Papers Explained 471: mmBERT
mmBERT is an encoder-only language model pretrained on 3T tokens of multilingual text in over 1800 languages using an architecture inspired from ModernBERT. To build mmBERT, several novel elements are introduced, including an inverse mask ratio schedule and an inverse temperature sampling ratio. Over 1700 low-resource languages are added to the data mix only during the decay phase, showing that it boosts performance dramatically and maximizes the gains from the relatively small amount of training data.
Models and data are available at HuggingFace.
Architecture
An identical architecture to ModernBERT is used, but the Gemma 2 tokenizer handles multilingual input. 22 layers and an 1152 intermediate dim are used for both base and small versions (same as ModernBERT-base), but a hidden dimension of 768 for base and 384 for small. The base version has the same number of non-embedding parameters as ModernBERT-base (110M) but a total of 307M parameters due to the larger vocabulary. MMBERT small has 140M total parameters, with 42M non-embedding parameters.
Training Data
Previous work such as XLM-R and mT5 used a very low percentage of English content (5.7% for mT5). However, the highest quality data (filtered DCLM) only exists in English. Thus, a significantly higher percentage of English was used comparative to previous work. Nonetheless, a significant portion of the training data was non-English: for this data was gathered from FineWeb2 and a filtered version of 20 languages from FineWeb2 called FineWeb2-HQ. MegaWika v2 for Multilingual Wikipedia, which covers 60 languages, was also used and filtered. Several other curated corpora in English were included. From Dolma, StarCoder, Stackexchange, Arxiv, and PeS2o were used. From Dolmino, math, filtered Stackexchange, Tulu Flan instruction data, and books were used. From ProLong, their code repositories and their textbooks were used. Thus, the data mix is higher quality than previous work (through the use of filtered DCLM and FineWeb2), more diverse in content (code, instructions, web data, papers), and includes a greater variety of languages and scripts.
Cascading Annealed Language Learning (ALL)
Unlike previous work which uses a fixed set of languages and a set temperature to sample multilingual data, a novel approach that changes the temperature during training and iteratively adds new languages (i.e. annealing over languages) is used.
Lower-resource languages have smaller amounts of pre-training data and relatively lower quality (since there is less to filter). Thus, learning from these languages in the most impactful way (e.g. avoiding more than 5x epochs of them) while also keeping data quality high is desired. To do this, starting with higher resource languages and slowly adding languages throughout training is done. At each change point, the ratio is re-sampled, taking the distribution from more high-resource biased to more uniform. This allows for avoiding doing many epochs on lower-resource data and allows for quicker learning of new languages as they already have a strong base in the existing language set.
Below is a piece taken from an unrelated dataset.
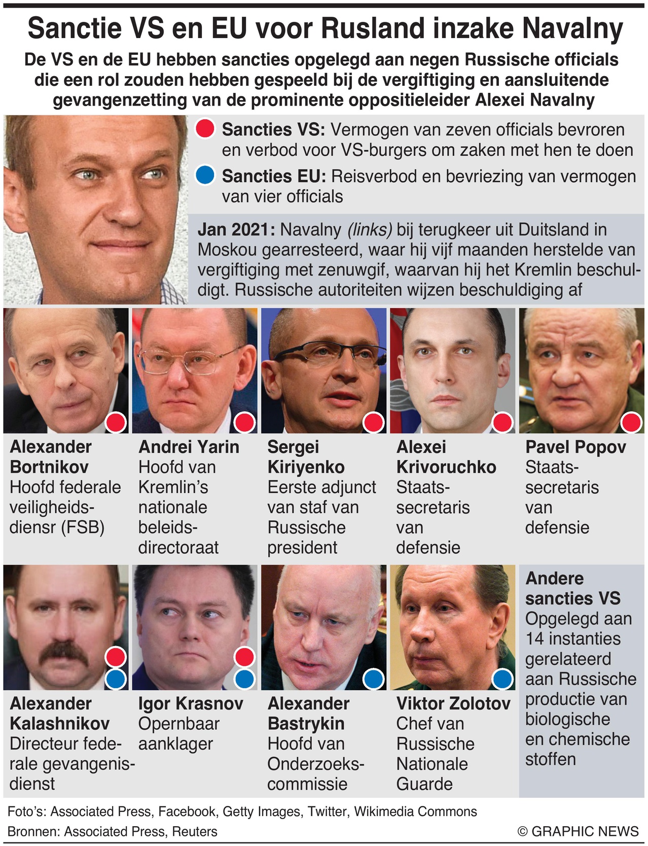 De Verenigde Staten en de Europese Unie hebben Rusland tegelijkertijd strafmaatregelen opgelegd. Washington kwam met sancties voor zeven hooggeplaatste Russen vanwege het vergiftigen van oppositieleider Alexei Navalny; in een Amerikaans inlichtingenrapport staat dat de Russische regering verantwoordelijk is voor de vergiftiging.

A set of 60 languages (as well as code) that cover a broad range of language families and scripts is started with. This is then increased to 110 languages, covering more “mid-resource” languages (greater than 200 million tokens of data). Finally, all languages/scripts included in FineWeb2 (1833 languages, 1895 language/script variants) are included. The temperature for sampling languages goes from 0.7 to 0.5 to 0.3. Including all the languages at the very end allows for taking advantage of the decay phase learning to rapidly increase performance.
Training Recipe
The same three phase approach as ModernBERT is employed but with a novel inverse masking rate learning schedule. Instead of simply using a lower masking ratio at the end of training, the mask rate is progressively lowered at each stage. For mmBERT small, the weights are also initialized from base using strided sampling.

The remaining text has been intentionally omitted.